Мне довелось слышать, как он бормотал про себя эти слова и следующие за ними:
Почему ж я устремился
В столь пустынные края? —
слегка оттеняя мелодическую дикцию, и при этом заметить — я был потрясён и подавлен, — что слёзы выступили у него на глазах.
Разумеется, в инструментовке Адриана ощущалась недостаточность музыкального опыта, и Кречмар счёл своим долгом помочь этой беде. Во время рождественских каникул он стал ездить с ним (заручившись позволением дядюшки) на оперные спектакли и концерты в близлежащие города: в Мерзебург, в Эрфурт, даже в Веймар, чтобы он узнал звуковое воплощение того, с чем покуда был знаком только в исполнении на рояле или по партитурам.
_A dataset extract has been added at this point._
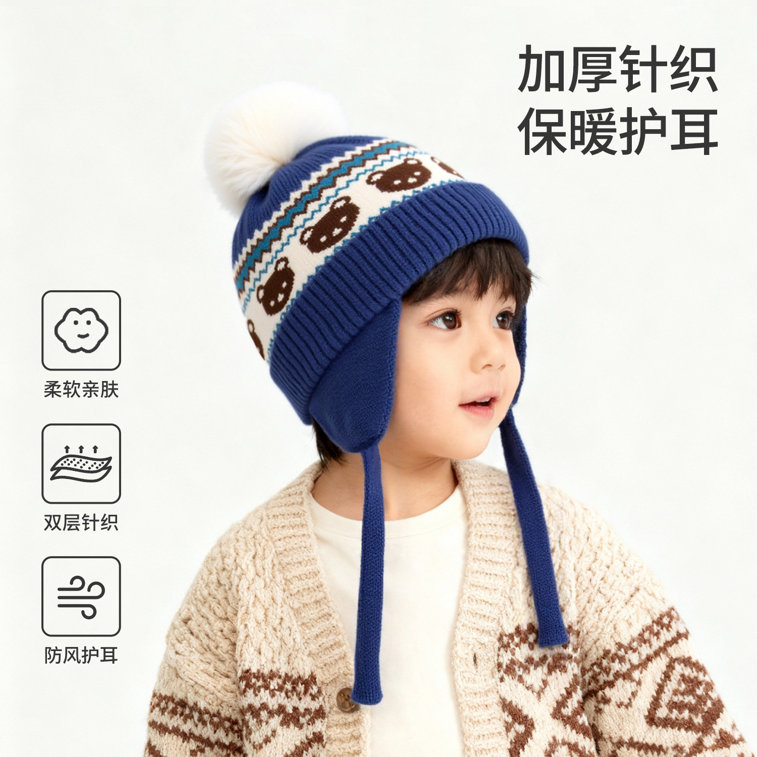 宝宝帽子秋冬儿童冬季防风护耳帽男童保暖针织毛线帽婴儿加厚冬天

Так в душу его вошла ребячески-торжественная эзотерика «Волшебной флейты», искусительное обаяние «Фигаро», демонический низкий регистр кларнетов в повсеместно прославленной опере Вебера «Фрейшютц», родственные образы мучительно мрачной отверженности Ганса Гейлинга и Летучего Голландца и наконец высокий гуманизм вольнолюбивого «Фиделио» с большой до-мажорной увертюрой, исполняющейся перед заключительной картиной. Эта увертюра, как видно, всего больше импонировала Адриану, всего больше затронула его юную восприимчивость. И многие дни после этого «выездного» вечера он не расставался с партитурой № 3 и читал её днём и ночью.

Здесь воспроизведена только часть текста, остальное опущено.